A.    The Agent, the Lenders and the Borrower are parties to that certain Sixth Amended and Restated Mortgage Warehousing Credit and Security Agreement, dated as of May 1, 2014 (as amended and/or restated from time to time, the “Credit Agreement”). Capitalized terms used herein and not otherwise defined herein shall have the same meanings herein as ascribed to them in the Credit Agreement;
B.    The Borrower has requested that the Agent and the Lenders temporarily increase the aggregate Commitment Amount to $175,000,000.00 for the period beginning on July 29, 2016 and ending on and including August 8, 2016 (the “Increase Period”) (the portion of the Loan outstanding from time to time during the Increase Period in excess of $135,000,000.00 is hereinafter referred to as the “Temporary Increase Loan”); and
C.    In response to such request, the Agent and the Lenders have agreed to amend the Credit Agreement solely upon the terms and conditions set forth herein, it being the intention of the parties that such amendments shall not constitute a novation of the obligations of the Borrower under the Credit Agreement and the other Loan Documents.

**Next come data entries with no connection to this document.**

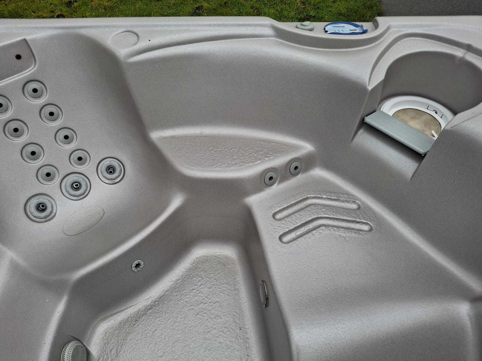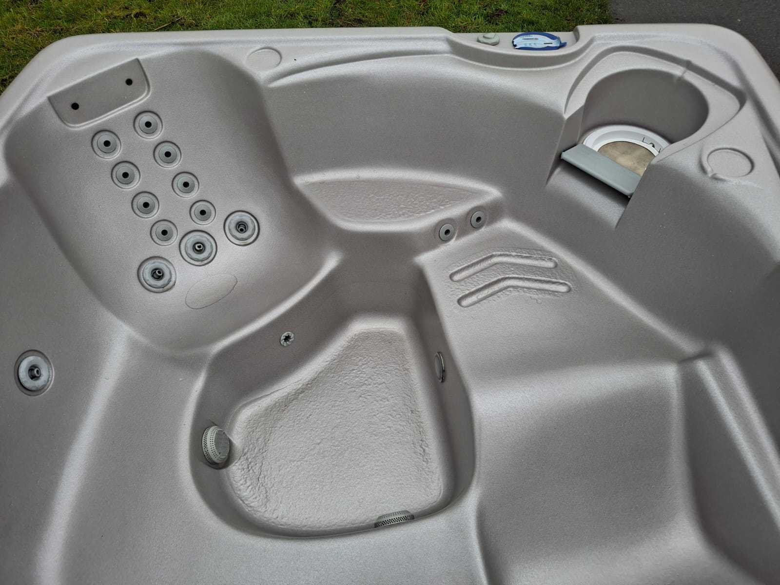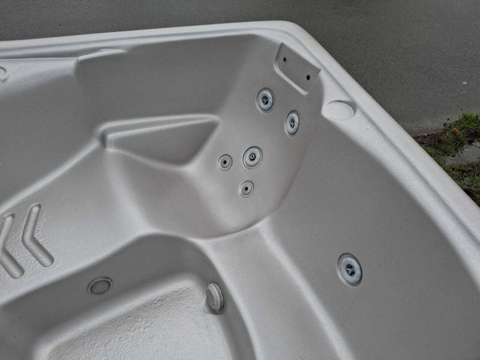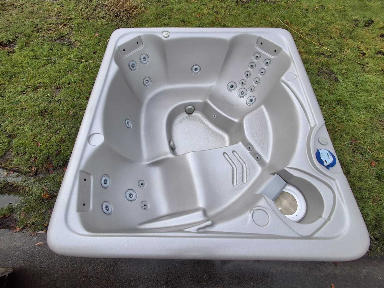 Voorzien van 1 ligplaats; 4 zitplaatsen; automatisch filtersysteem; kunststof omkasting; Niet getest op functioneren (Marge, geen BTW) Merk: California cooperage Model: 5 persoons Jets: 22 Aantal personen: 5 Lengte: 200cm Breedte: 200cm Hoogte: 74cm
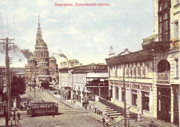 | Keywords: Kupechesky spusk.jpg View from Kupechesky Spusk towards Kupechesky Bridge Blagoveshchenskaya Square and Annunciation Cathedral ru Вид с Купеческого спуска в сто ону Купеческого моста Благовещенской площади и Благовещенского собо а A reproduction of post cards dated early 20th century own scan for original paper postcard // еп одукция почтовой ка точки начала XX века свой скан бумажной отк ытки 1910th\Early 20th century Unknown; на отк ытке не указан PD-old PD-RusEmpire Postcards of Kharkiv Trams in Kharkiv Blagoveschensky Cathedral in Kharkiv Sobornyi Descent Kupechesky Bridge Historical trams in Ukraine |
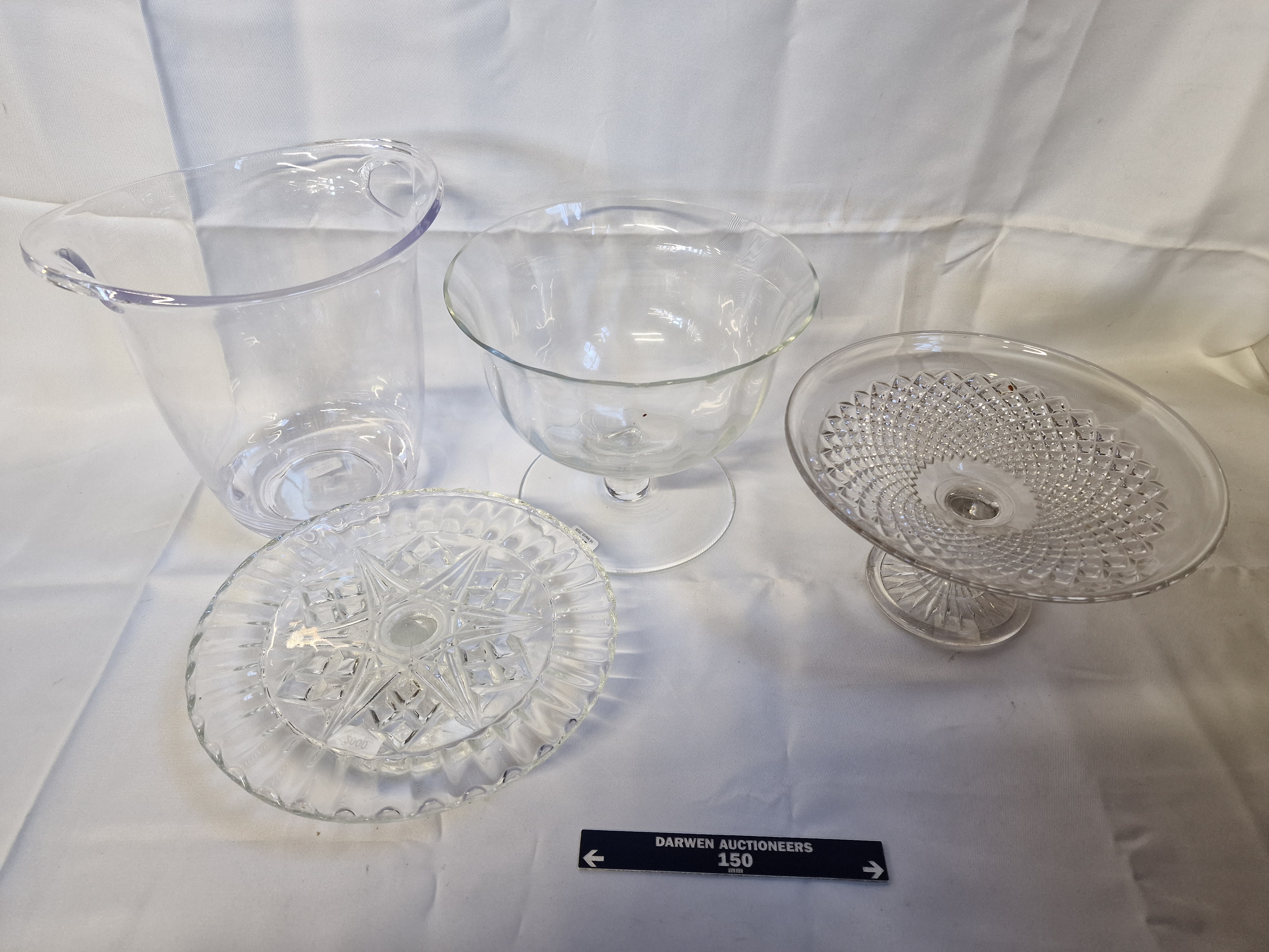 A group of four clear glass and lead crystal items, 20th century. The collection includes a moulded glass ice bucket with integrated side handles, a plain flared footed bowl, a pedestal tazza with deep-cut diamond facets and a star-cut foot, and a circular plate with a central starburst motif. Two pieces retain white adhesive labels with the digits 3000.
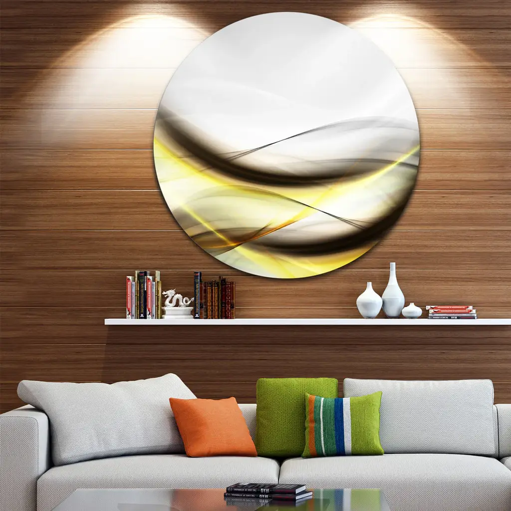 Abstract Golden Waves, Abstract Digital Art Disc Metal Artwork, 23"
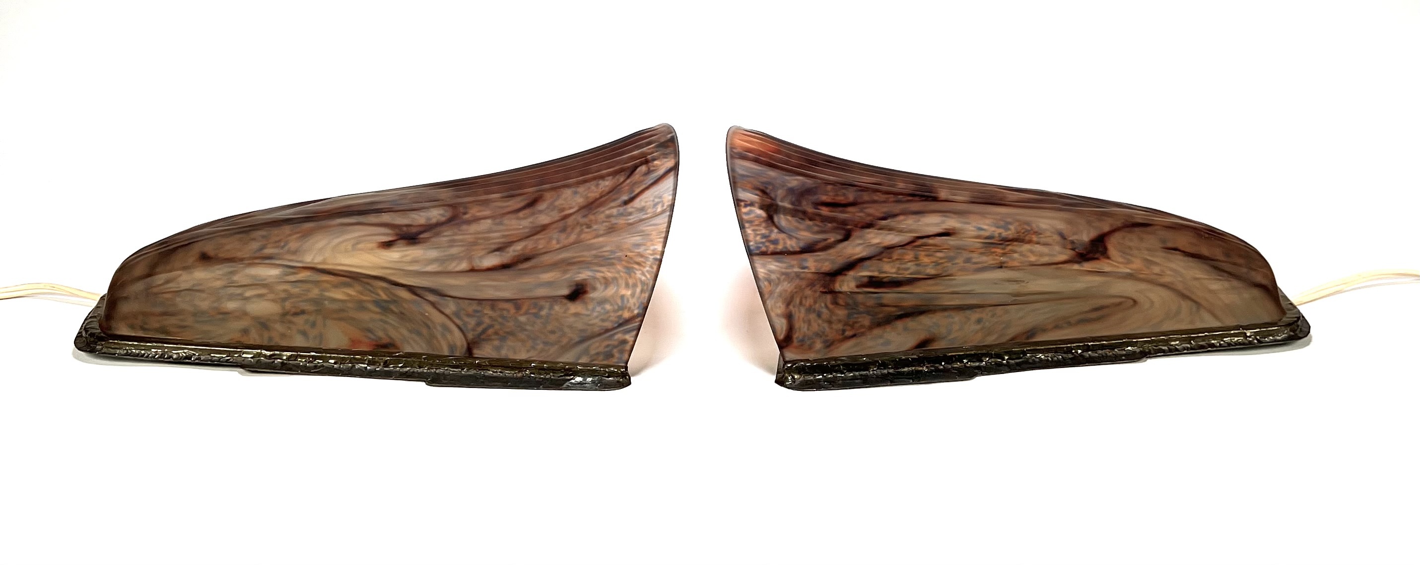 Art Deco wandlampen met gemarmerd glas - Frankrijk, ca. 1930
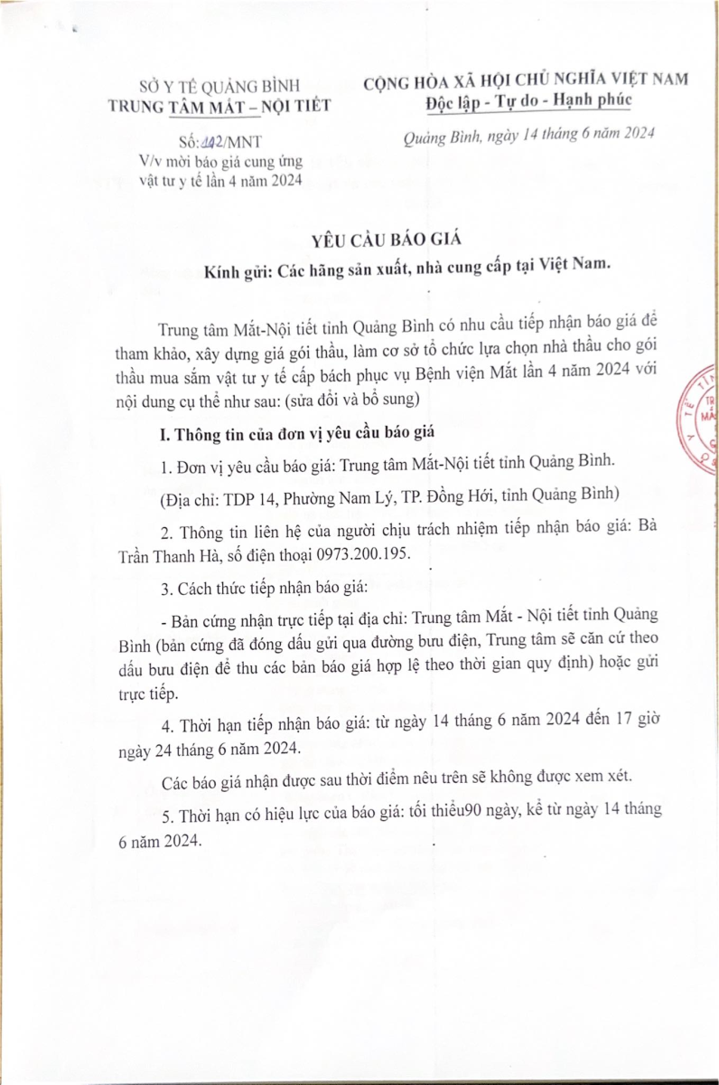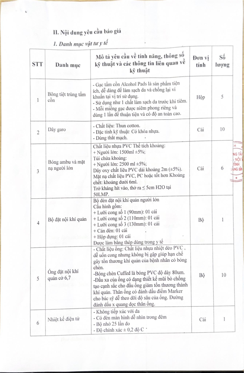 YÊU CẦU BÁO GIÁ VẬT TƯ Y TẾ LẦN 2 NĂM 2024 4/16/2024 9:20:17 AM
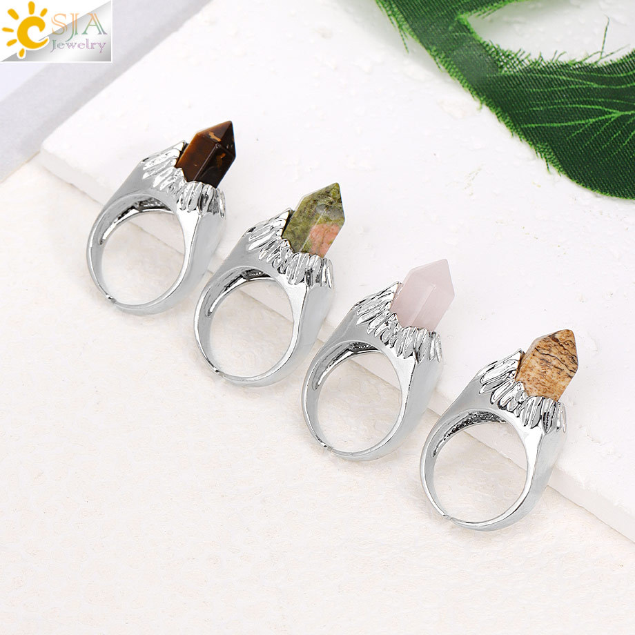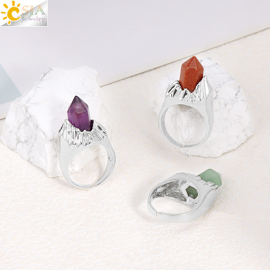 Персонализированная мода Европа и США трансграничные ювелирные изделия оптом натуральный хрустальный камень шестиугольное кольцо
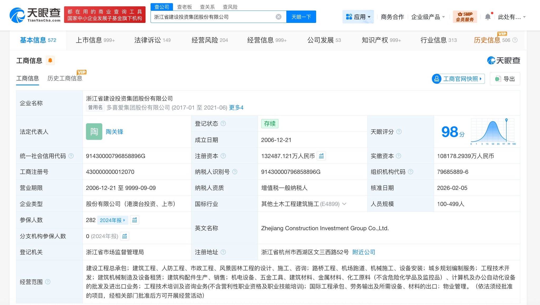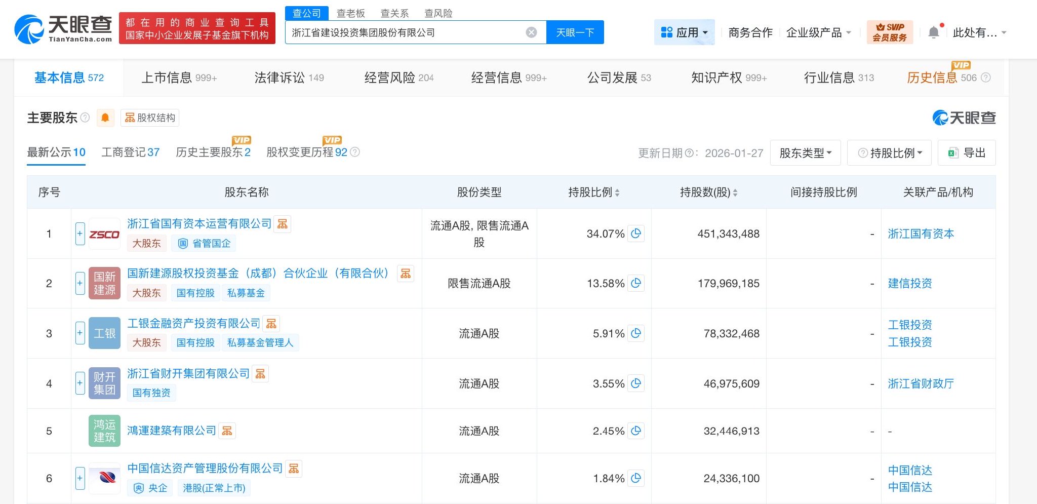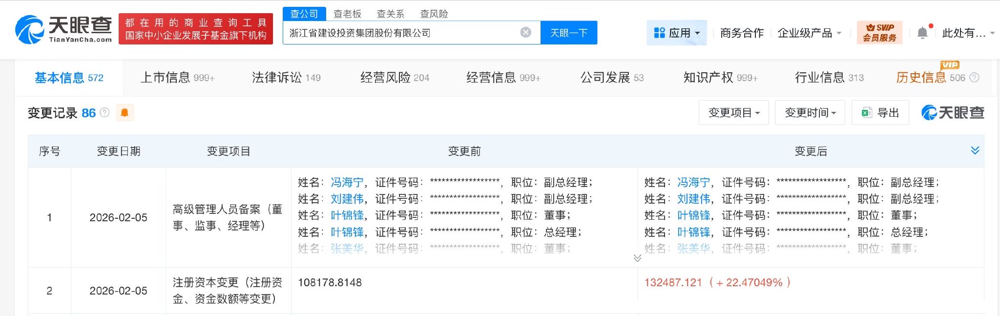 每经AI快讯,天眼查App显示,近日,浙江建投(002761)发生工商变更,注册资本由约10.8亿人民币增至约13.2亿元人民币,增幅约22%。浙江省建设投资集团股份有限公司成立于2006年12月,法定代表人为陶关锋,经营范围含建设工程总承包,城乡规划编制服务,工程技术开发,建筑机械制造及设备租赁,建筑构配件生产、销售,工程技术培训及咨询业务等。股东信息显示,该公司由浙江省国有资本运营有限公司、国新建源股权投资基金(成都)合伙企业(有限合伙)、工银金融资产投资有限公司等共同持股。

NOW THEREFORE, for good and valuable consideration, the receipt and sufficiency of which is hereby acknowledged by the Agent, the Lenders and the Borrower, the parties hereto agree, upon the satisfaction in full of all of the terms, conditions, covenants, representations and warranties set forth in this Amendment, as follows:
Section 1.    Amendments to Credit Agreement.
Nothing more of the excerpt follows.